Assigned task
Write out the lines below exactly, beginning at the one with "Магазин автостекол по" and stopping after the one with "Save There's something"; the pictures are not copied.

- Opening Delimiter -

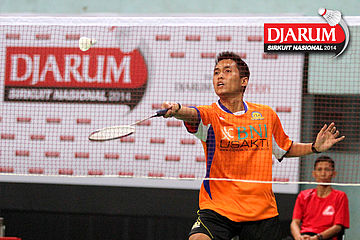 Nugroho Andi Saputro (JR Enkei) mengembalikan shuttlecock ke arah M. Junaedi (IPC).
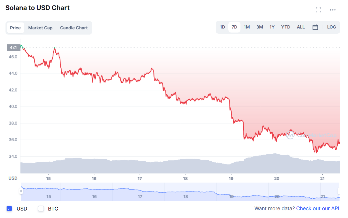 Главным неудачником недели среди валют топ-10 оказался коин Solana (SOL). Он подешевел за неделю на 24,38% и торговался на момент написания в районе $35.62.
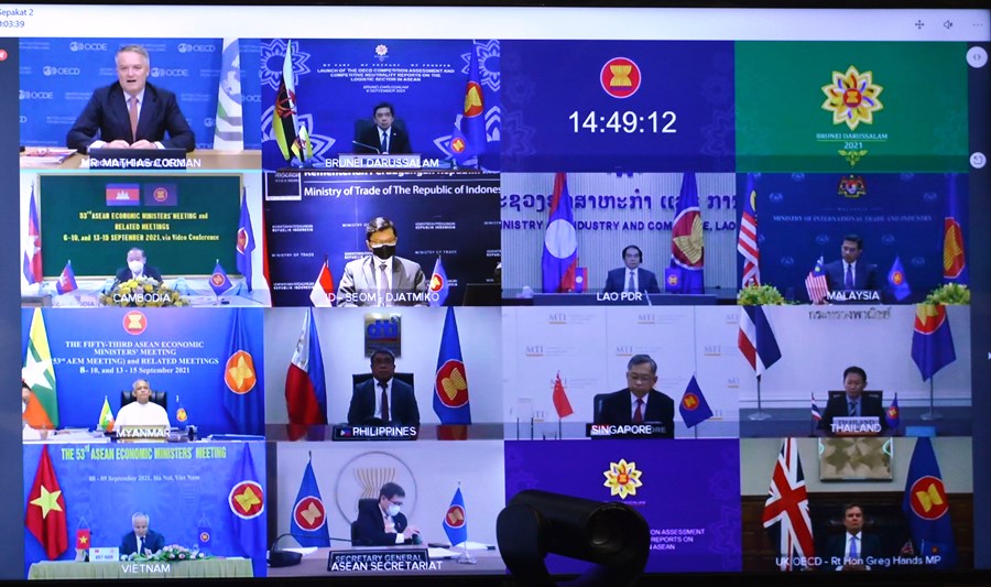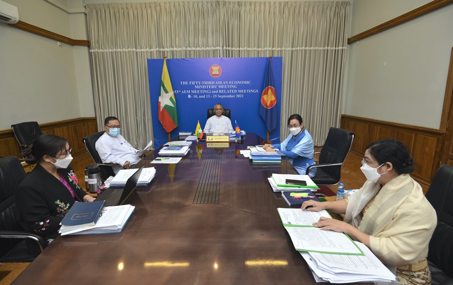 The Union Minister for Investment and Foreign Economic Relations U Aung Naing Oo participated at the second day of the 53rd ASEAN Economic Ministersâ Meeting via video conference on 9th September 2021 from the office of the Ministry of Investment and Foreign Economic Relations.
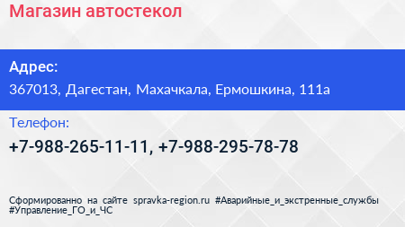 Магазин автостекол по адресу 367013, Дагестан, Махачкала, Ермошкина, 111а в дальнейшем Организация, размещена в следующих категориях:
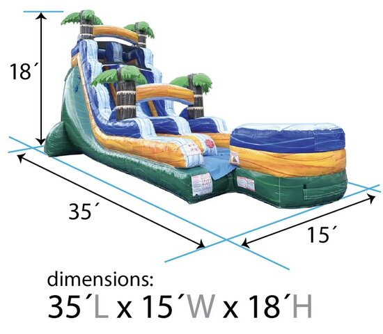 Dazzle kids and parents at your next big event with the 18' Tropical Green Marble Inflatable Water Slide. This 18' tall inflatable water slide stretches out to 35 feet in length for some big-time thrills and a whole lot of excitement. With its gender-neutral colors, this versatile inflatable can be employed for an all-boys or all-girls event, allowing for the potential to double your return on this investment! Try out this inflatable slide on a cool day without water for some fun and entertainment or simply connect a standard garden hose to the built-in misting system and dive into some refreshing relief from the summer heat! All of our inflatable wet / dry slides were designed with children's safety at heart, featuring an inflated landing zone with built-in drains that keeps the water level low enough for a good time, but safe enough for kids of all ages.
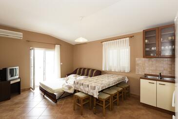 Az Apartman 8 főt tud fogadni. Az ágyak a/az 2 hálószobában, és a nappaliban/ben vannak, melynek méretei 58m2. A forró nyári estéket a vendégek saját teraszukon élvezhetik. Az apartmanból tengerre néző kilátás nyílik. A közös barbecue-helyet a vendég szabadon használhatja.
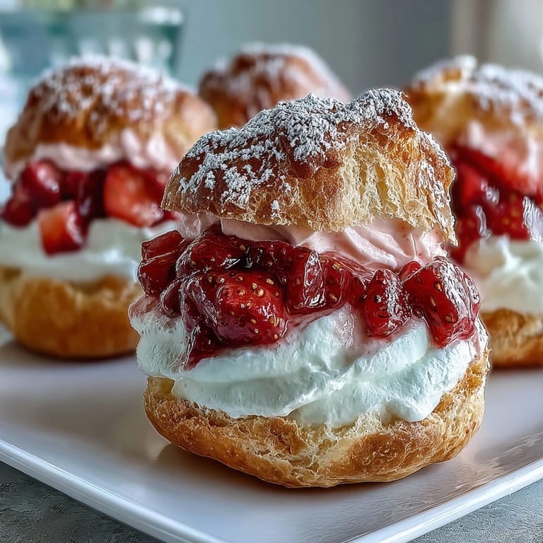 Save There's something about the way cream puffs puff up in the oven that still catches me off guard, even after making them a dozen times. My partner surprised me with strawberries on Valentine's Day a few years back, and instead of the typical chocolate dessert, I found myself wanting something lighter, more delicate—something that felt like an actual celebration rather than an obligation. That afternoon, I piped these little mounds of choux onto parchment paper, and watching them transform into golden clouds felt like small magic happening in my kitchen. The combination of crispy shells giving way to clouds of strawberry-kissed cream became something we looked forward to every spring after that.
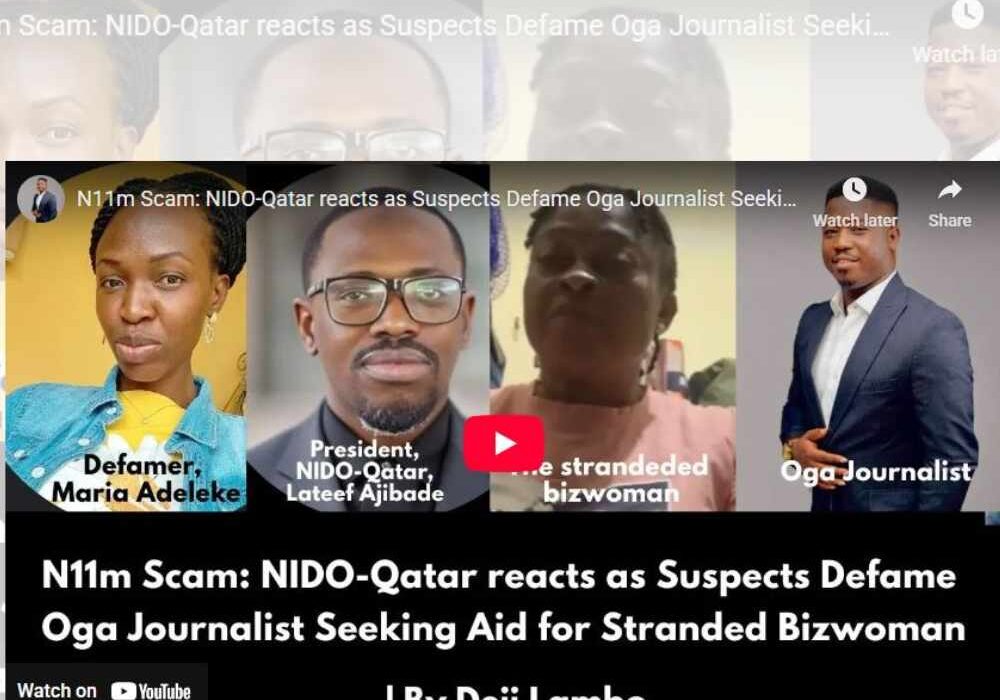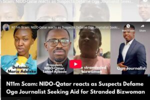 N11m Scam: NIDO-Qatar reacts as Suspects Defame Oga Journalist Seeking Aid for Stranded Bizwoman

- Closing Delimiter -

The answer
 Магазин автостекол по адресу 367013, Дагестан, Махачкала, Ермошкина, 111а в дальнейшем Организация, размещена в следующих категориях:
 Dazzle kids and parents at your next big event with the 18' Tropical Green Marble Inflatable Water Slide. This 18' tall inflatable water slide stretches out to 35 feet in length for some big-time thrills and a whole lot of excitement. With its gender-neutral colors, this versatile inflatable can be employed for an all-boys or all-girls event, allowing for the potential to double your return on this investment! Try out this inflatable slide on a cool day without water for some fun and entertainment or simply connect a standard garden hose to the built-in misting system and dive into some refreshing relief from the summer heat! All of our inflatable wet / dry slides were designed with children's safety at heart, featuring an inflated landing zone with built-in drains that keeps the water level low enough for a good time, but safe enough for kids of all ages.
 Az Apartman 8 főt tud fogadni. Az ágyak a/az 2 hálószobában, és a nappaliban/ben vannak, melynek méretei 58m2. A forró nyári estéket a vendégek saját teraszukon élvezhetik. Az apartmanból tengerre néző kilátás nyílik. A közös barbecue-helyet a vendég szabadon használhatja.
 Save There's something about the way cream puffs puff up in the oven that still catches me off guard, even after making them a dozen times. My partner surprised me with strawberries on Valentine's Day a few years back, and instead of the typical chocolate dessert, I found myself wanting something lighter, more delicate—something that felt like an actual celebration rather than an obligation. That afternoon, I piped these little mounds of choux onto parchment paper, and watching them transform into golden clouds felt like small magic happening in my kitchen. The combination of crispy shells giving way to clouds of strawberry-kissed cream became something we looked forward to every spring after that.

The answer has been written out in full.